- [YOUR GOAL]:
I would like the lines below, from the one with "4小时图上,OP自9月中旬以" through the one with "Schöne, anregende Gratkletterei", copied exactly and without any pictures.

- [INFORMATION PROVIDED]:
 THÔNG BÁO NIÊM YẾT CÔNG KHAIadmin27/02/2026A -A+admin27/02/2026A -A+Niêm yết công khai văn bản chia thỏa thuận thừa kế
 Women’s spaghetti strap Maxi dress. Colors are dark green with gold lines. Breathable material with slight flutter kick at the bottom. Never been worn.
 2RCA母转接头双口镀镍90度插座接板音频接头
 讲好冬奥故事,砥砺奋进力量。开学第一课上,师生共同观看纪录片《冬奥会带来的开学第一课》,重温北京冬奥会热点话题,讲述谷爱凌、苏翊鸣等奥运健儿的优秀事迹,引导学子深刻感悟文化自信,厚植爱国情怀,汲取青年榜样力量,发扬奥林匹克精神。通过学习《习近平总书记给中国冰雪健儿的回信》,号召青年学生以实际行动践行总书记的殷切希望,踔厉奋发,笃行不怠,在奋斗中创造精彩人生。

* * *

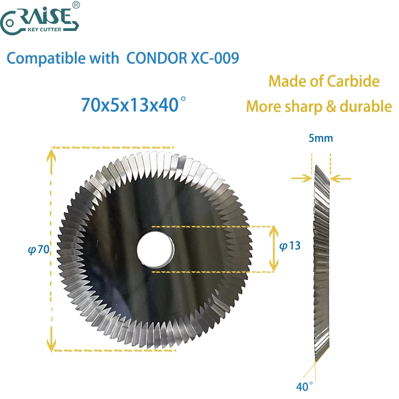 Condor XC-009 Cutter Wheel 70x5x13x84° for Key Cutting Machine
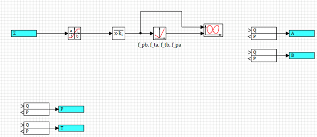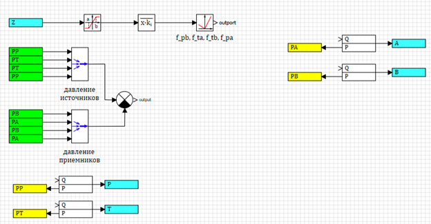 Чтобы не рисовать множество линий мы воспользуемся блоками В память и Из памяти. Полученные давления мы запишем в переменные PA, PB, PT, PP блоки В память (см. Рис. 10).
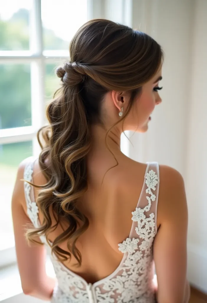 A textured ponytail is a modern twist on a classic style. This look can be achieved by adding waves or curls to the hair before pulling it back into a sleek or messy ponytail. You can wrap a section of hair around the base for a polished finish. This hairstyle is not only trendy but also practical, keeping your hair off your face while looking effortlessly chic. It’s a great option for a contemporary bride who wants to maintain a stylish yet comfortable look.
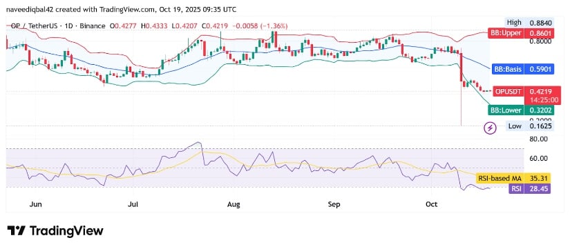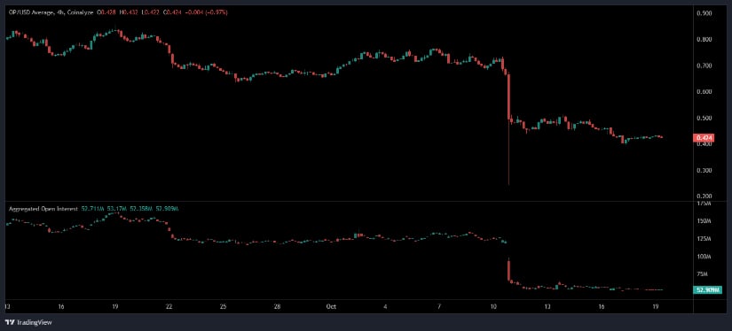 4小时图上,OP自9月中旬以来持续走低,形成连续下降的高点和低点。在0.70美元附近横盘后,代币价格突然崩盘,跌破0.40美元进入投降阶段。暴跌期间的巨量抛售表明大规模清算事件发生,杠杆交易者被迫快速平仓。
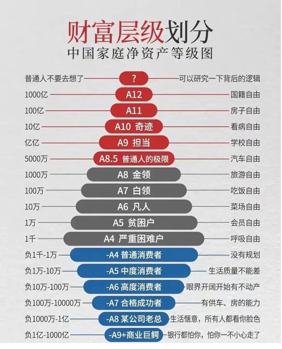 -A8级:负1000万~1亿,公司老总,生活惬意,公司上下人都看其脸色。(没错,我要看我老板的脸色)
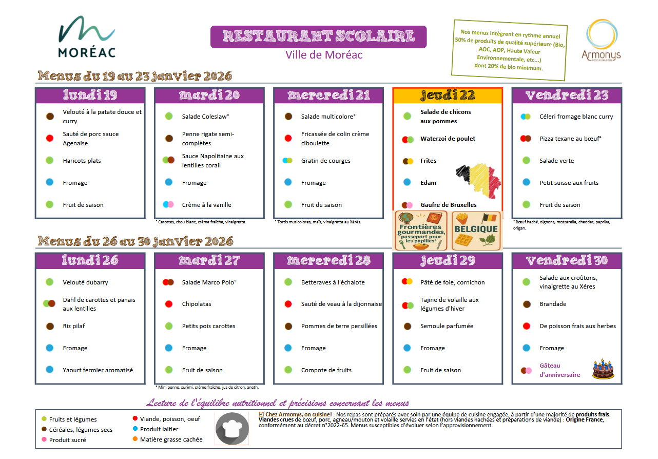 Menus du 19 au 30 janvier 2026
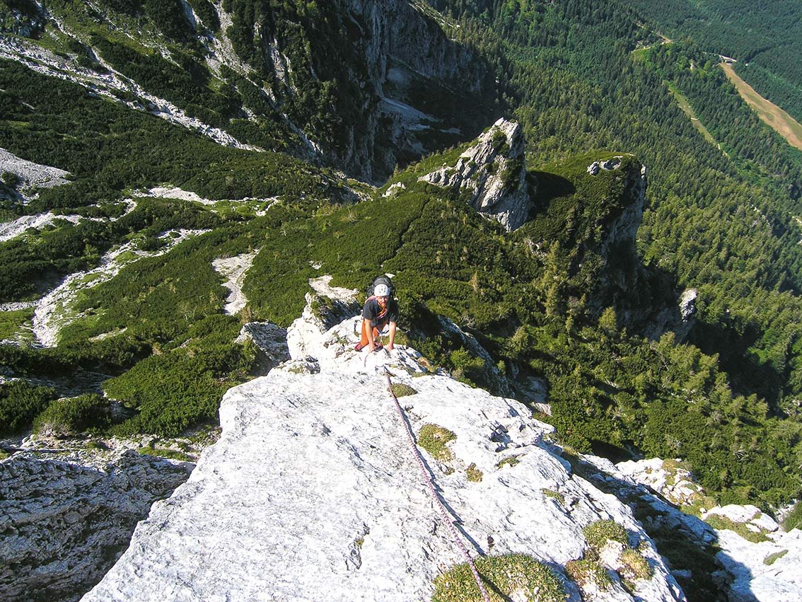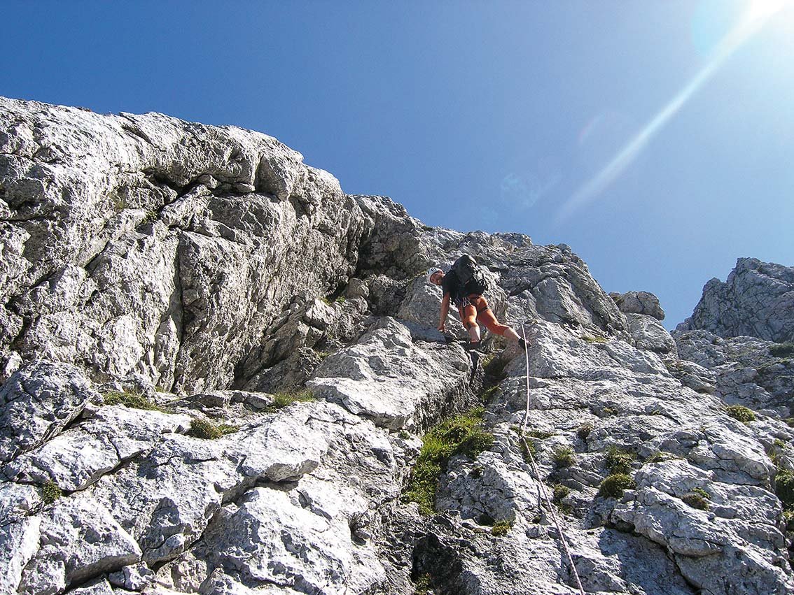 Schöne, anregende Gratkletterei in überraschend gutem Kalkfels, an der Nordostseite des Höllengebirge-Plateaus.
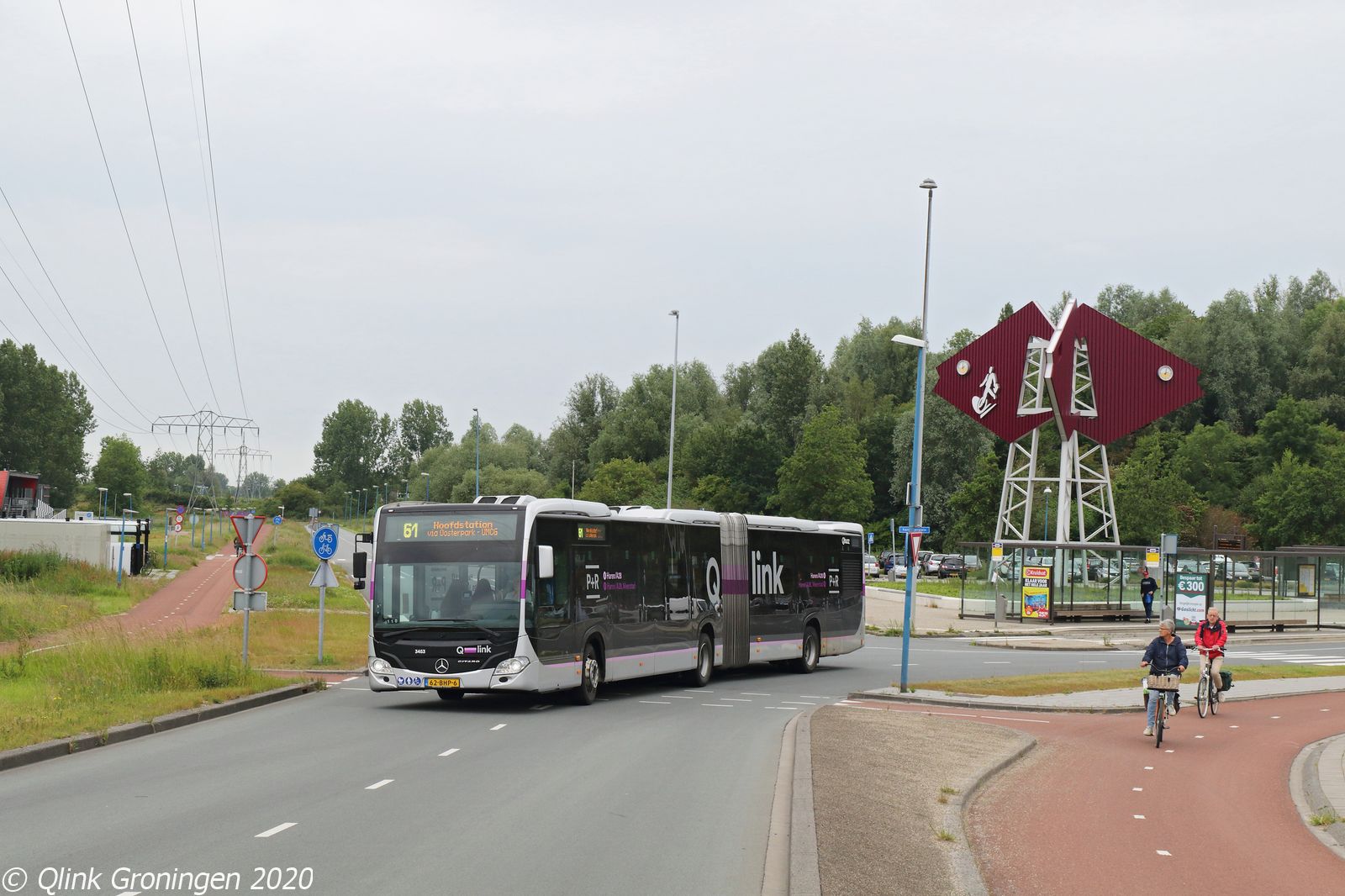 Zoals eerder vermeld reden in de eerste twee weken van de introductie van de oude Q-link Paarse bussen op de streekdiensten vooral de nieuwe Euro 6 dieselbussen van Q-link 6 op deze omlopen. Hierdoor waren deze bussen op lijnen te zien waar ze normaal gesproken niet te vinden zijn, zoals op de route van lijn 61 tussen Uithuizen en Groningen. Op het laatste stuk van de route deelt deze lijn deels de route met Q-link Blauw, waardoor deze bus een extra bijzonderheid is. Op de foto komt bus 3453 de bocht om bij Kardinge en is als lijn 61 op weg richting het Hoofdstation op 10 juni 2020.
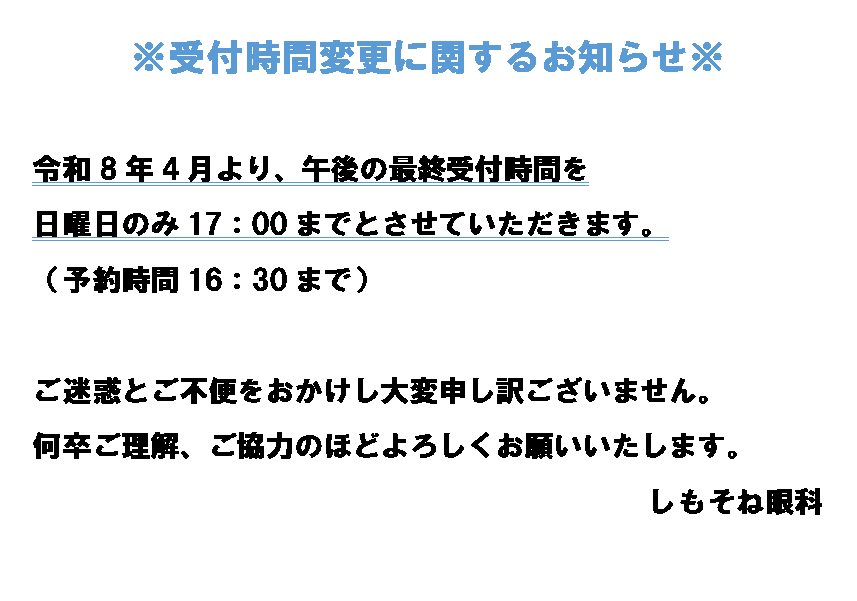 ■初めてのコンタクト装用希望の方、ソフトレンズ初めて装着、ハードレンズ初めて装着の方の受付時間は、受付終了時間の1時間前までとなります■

- [TASK OUTPUT]:
 4小时图上,OP自9月中旬以来持续走低,形成连续下降的高点和低点。在0.70美元附近横盘后,代币价格突然崩盘,跌破0.40美元进入投降阶段。暴跌期间的巨量抛售表明大规模清算事件发生,杠杆交易者被迫快速平仓。
 -A8级:负1000万~1亿,公司老总,生活惬意,公司上下人都看其脸色。(没错,我要看我老板的脸色)
 Menus du 19 au 30 janvier 2026
 Schöne, anregende Gratkletterei in überraschend gutem Kalkfels, an der Nordostseite des Höllengebirge-Plateaus.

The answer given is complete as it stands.